= Beginning of Section =

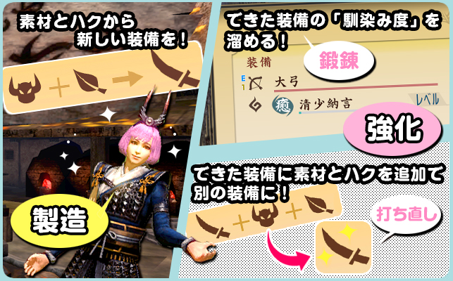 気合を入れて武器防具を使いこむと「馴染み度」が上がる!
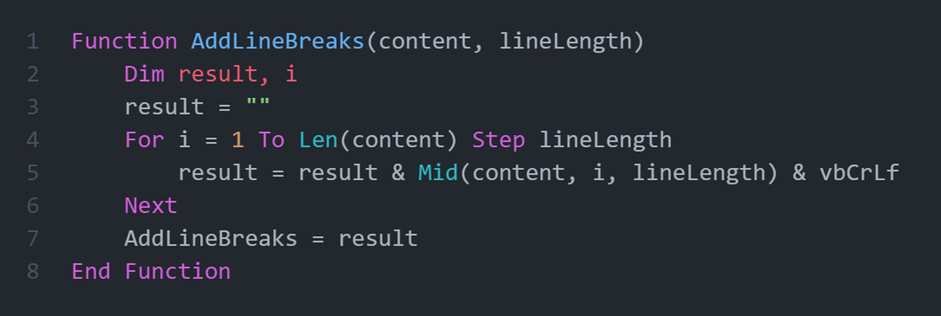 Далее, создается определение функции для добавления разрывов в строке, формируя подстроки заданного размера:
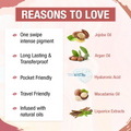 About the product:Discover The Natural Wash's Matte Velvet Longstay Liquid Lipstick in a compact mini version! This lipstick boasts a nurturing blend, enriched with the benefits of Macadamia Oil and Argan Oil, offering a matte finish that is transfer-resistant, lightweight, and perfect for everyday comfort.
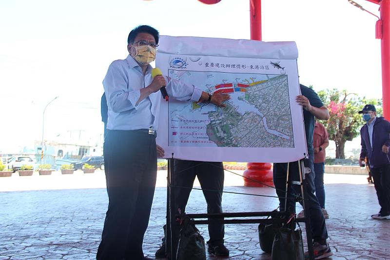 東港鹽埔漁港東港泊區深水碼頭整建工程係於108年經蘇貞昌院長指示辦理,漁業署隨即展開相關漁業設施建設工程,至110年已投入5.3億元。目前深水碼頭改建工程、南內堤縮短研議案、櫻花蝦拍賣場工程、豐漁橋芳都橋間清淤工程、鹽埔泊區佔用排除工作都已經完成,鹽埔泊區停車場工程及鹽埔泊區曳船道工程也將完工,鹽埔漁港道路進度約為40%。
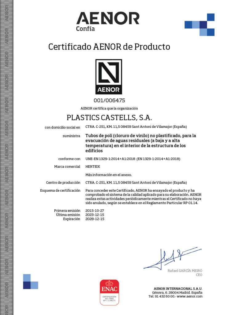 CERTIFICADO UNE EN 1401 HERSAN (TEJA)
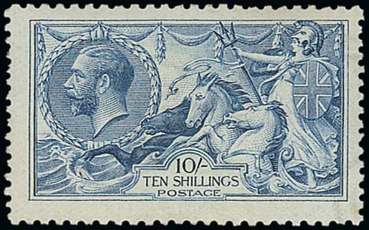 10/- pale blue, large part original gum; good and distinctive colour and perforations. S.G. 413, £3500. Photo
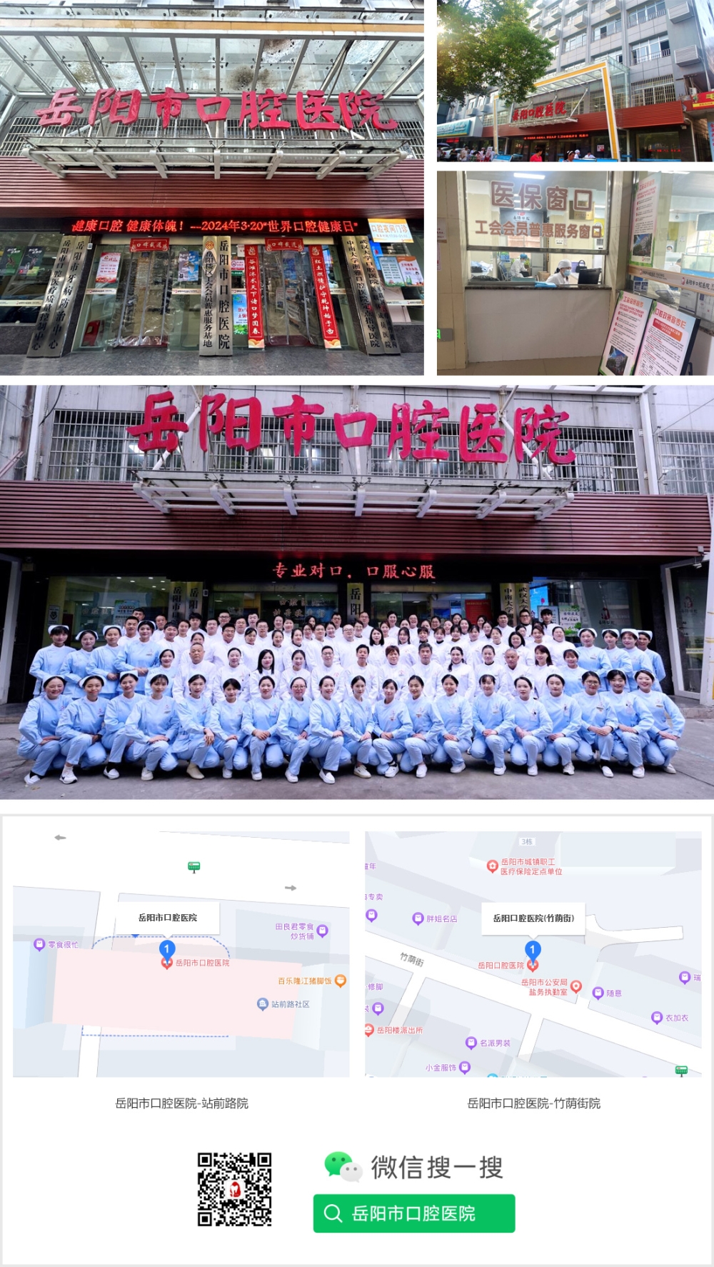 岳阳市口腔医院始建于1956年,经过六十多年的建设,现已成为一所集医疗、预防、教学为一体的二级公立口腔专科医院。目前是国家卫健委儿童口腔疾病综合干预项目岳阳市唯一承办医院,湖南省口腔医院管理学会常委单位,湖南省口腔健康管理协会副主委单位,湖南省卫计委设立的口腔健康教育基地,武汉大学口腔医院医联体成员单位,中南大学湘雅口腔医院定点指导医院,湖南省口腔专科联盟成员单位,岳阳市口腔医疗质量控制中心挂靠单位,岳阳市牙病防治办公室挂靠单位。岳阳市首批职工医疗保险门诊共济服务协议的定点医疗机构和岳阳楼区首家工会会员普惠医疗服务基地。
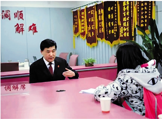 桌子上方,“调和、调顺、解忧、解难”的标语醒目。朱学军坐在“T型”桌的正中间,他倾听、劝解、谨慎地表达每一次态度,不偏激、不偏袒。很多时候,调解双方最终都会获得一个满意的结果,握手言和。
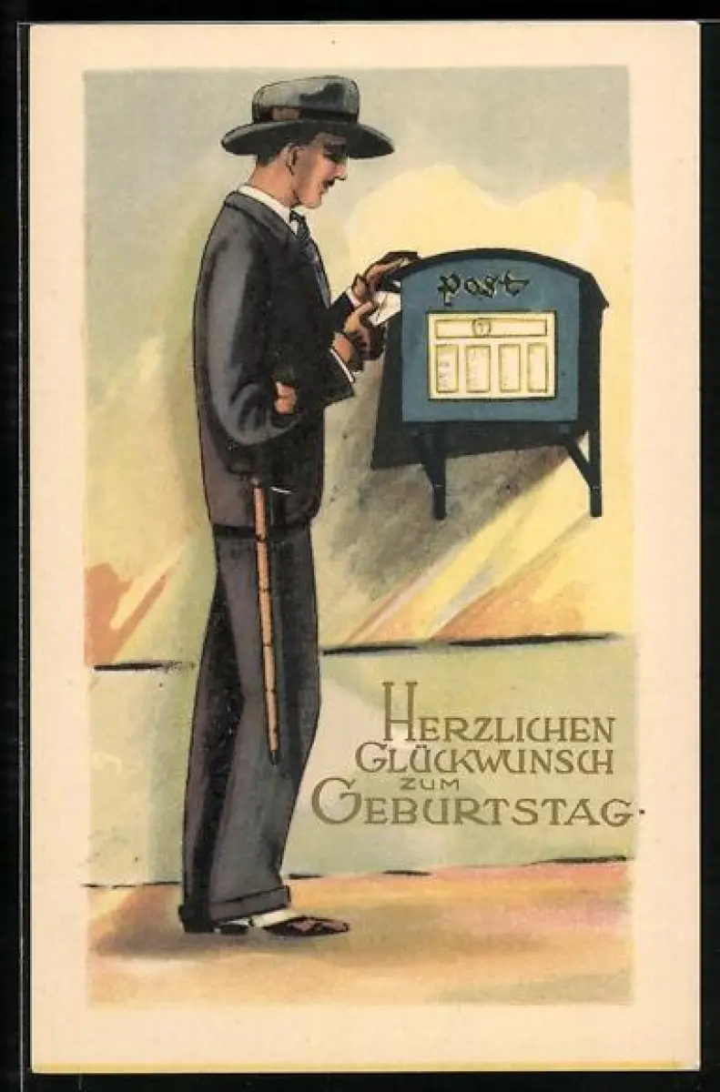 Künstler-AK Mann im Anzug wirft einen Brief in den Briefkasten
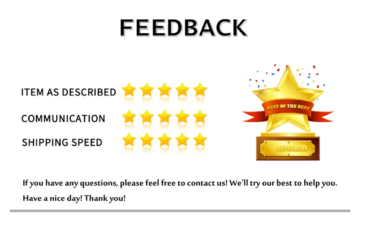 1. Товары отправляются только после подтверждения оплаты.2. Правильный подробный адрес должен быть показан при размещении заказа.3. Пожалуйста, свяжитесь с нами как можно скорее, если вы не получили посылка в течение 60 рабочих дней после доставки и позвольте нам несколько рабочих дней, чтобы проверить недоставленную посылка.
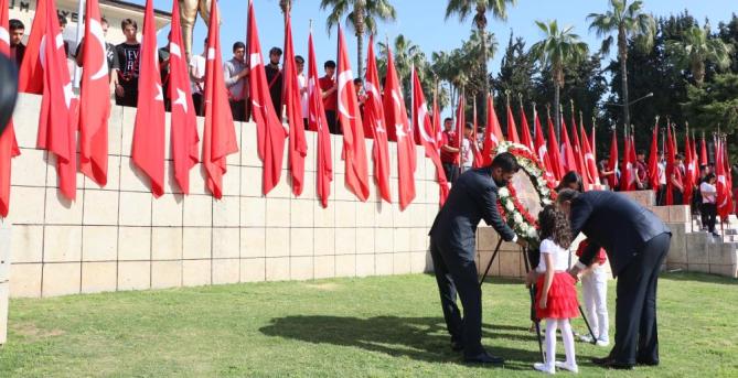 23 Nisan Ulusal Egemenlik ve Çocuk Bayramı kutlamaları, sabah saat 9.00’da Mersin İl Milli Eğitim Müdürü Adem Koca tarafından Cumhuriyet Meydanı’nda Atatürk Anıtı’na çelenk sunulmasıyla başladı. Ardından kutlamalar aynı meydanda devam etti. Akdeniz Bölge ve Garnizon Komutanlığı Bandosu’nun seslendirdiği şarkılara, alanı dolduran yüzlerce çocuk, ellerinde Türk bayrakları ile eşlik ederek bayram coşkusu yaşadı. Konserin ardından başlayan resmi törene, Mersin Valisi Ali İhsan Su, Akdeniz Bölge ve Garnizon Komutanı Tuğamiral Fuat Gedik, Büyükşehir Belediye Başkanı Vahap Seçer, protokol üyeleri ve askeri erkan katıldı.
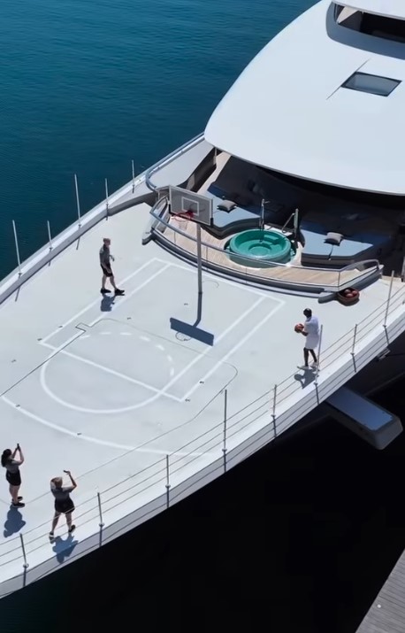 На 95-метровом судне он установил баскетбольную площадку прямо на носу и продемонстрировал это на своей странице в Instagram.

= End of Section =

§ **HOW TO COMPLETE THIS TASK**
In the listing above, find the line containing "岳阳市口腔医院始建于1956" and the line containing "23 Nisan Ulusal", then output those two lines and everything between them exactly as written, without the images.

§ **FINISHED TASK**
 岳阳市口腔医院始建于1956年,经过六十多年的建设,现已成为一所集医疗、预防、教学为一体的二级公立口腔专科医院。目前是国家卫健委儿童口腔疾病综合干预项目岳阳市唯一承办医院,湖南省口腔医院管理学会常委单位,湖南省口腔健康管理协会副主委单位,湖南省卫计委设立的口腔健康教育基地,武汉大学口腔医院医联体成员单位,中南大学湘雅口腔医院定点指导医院,湖南省口腔专科联盟成员单位,岳阳市口腔医疗质量控制中心挂靠单位,岳阳市牙病防治办公室挂靠单位。岳阳市首批职工医疗保险门诊共济服务协议的定点医疗机构和岳阳楼区首家工会会员普惠医疗服务基地。
 桌子上方,“调和、调顺、解忧、解难”的标语醒目。朱学军坐在“T型”桌的正中间,他倾听、劝解、谨慎地表达每一次态度,不偏激、不偏袒。很多时候,调解双方最终都会获得一个满意的结果,握手言和。
 Künstler-AK Mann im Anzug wirft einen Brief in den Briefkasten
 1. Товары отправляются только после подтверждения оплаты.2. Правильный подробный адрес должен быть показан при размещении заказа.3. Пожалуйста, свяжитесь с нами как можно скорее, если вы не получили посылка в течение 60 рабочих дней после доставки и позвольте нам несколько рабочих дней, чтобы проверить недоставленную посылка.
 23 Nisan Ulusal Egemenlik ve Çocuk Bayramı kutlamaları, sabah saat 9.00’da Mersin İl Milli Eğitim Müdürü Adem Koca tarafından Cumhuriyet Meydanı’nda Atatürk Anıtı’na çelenk sunulmasıyla başladı. Ardından kutlamalar aynı meydanda devam etti. Akdeniz Bölge ve Garnizon Komutanlığı Bandosu’nun seslendirdiği şarkılara, alanı dolduran yüzlerce çocuk, ellerinde Türk bayrakları ile eşlik ederek bayram coşkusu yaşadı. Konserin ardından başlayan resmi törene, Mersin Valisi Ali İhsan Su, Akdeniz Bölge ve Garnizon Komutanı Tuğamiral Fuat Gedik, Büyükşehir Belediye Başkanı Vahap Seçer, protokol üyeleri ve askeri erkan katıldı.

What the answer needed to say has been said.